**** Dataset section ****
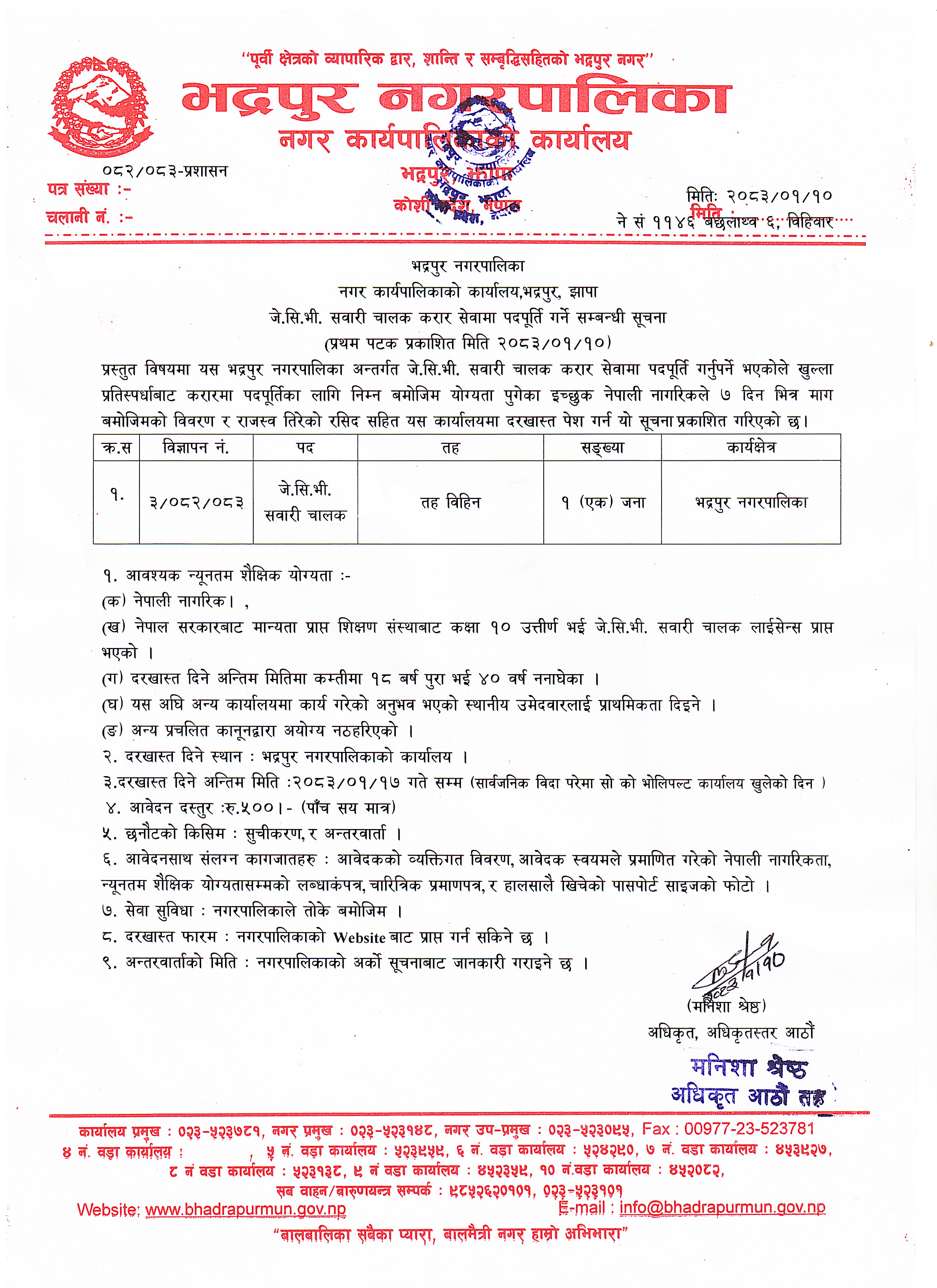 JCB सवारी चालक करार सेवामा पदपूर्ति गर्ने सम्बन्धि सुचना
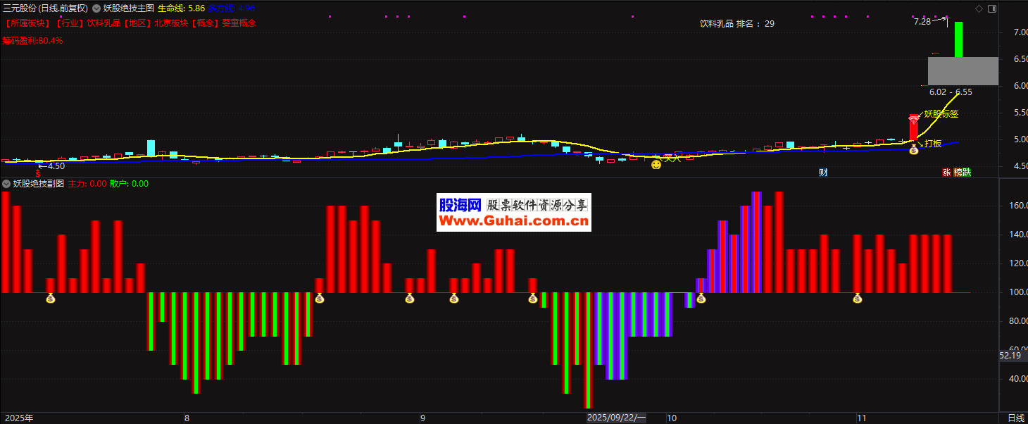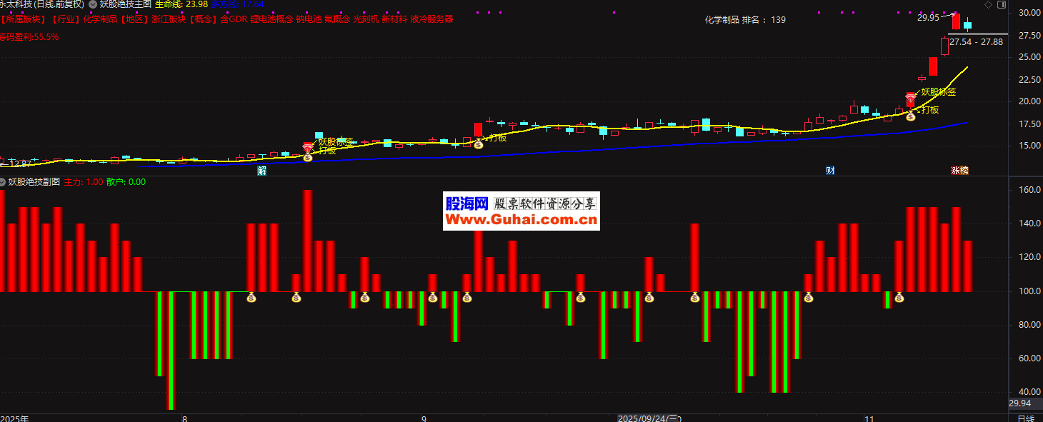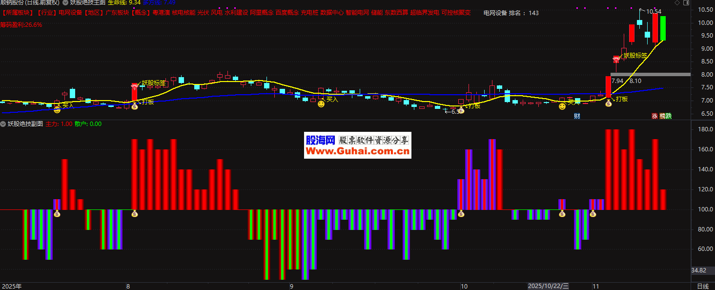 指标主要用于识别具备"妖股"潜力的股票,通过分析股票的量价关系、控盘程度和板块背景来捕捉短期强势股的买卖点。
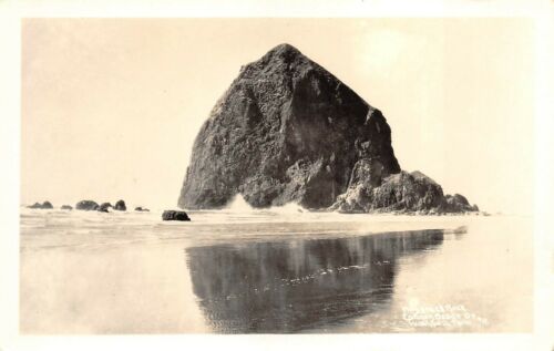 Title (ebay affiliate link): RPPC Haystack Rock, Cannon Beach, ORE., Vintage Woodfield Photo Postcard
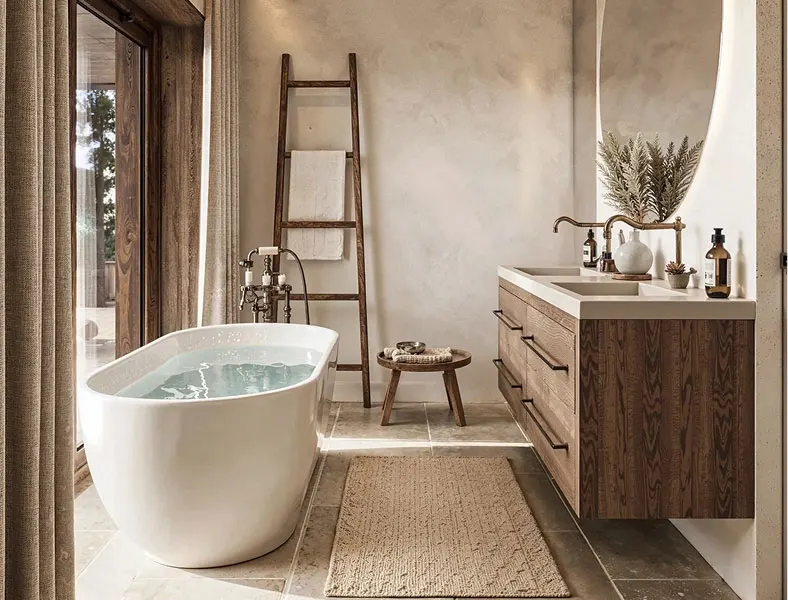 Натуральні матеріали заспокоюють розум, створюючи відчуття безпеки, тепла та гармонії. Інтер’єр з дерева сприяє глибокому зв’язку з природою.
****
• _Exercise aim_: Copy out the whole listing word for word, except for any picture it includes.

• _Exercise result_:
 JCB सवारी चालक करार सेवामा पदपूर्ति गर्ने सम्बन्धि सुचना
 指标主要用于识别具备"妖股"潜力的股票,通过分析股票的量价关系、控盘程度和板块背景来捕捉短期强势股的买卖点。
 Title (ebay affiliate link): RPPC Haystack Rock, Cannon Beach, ORE., Vintage Woodfield Photo Postcard
 Натуральні матеріали заспокоюють розум, створюючи відчуття безпеки, тепла та гармонії. Інтер’єр з дерева сприяє глибокому зв’язку з природою.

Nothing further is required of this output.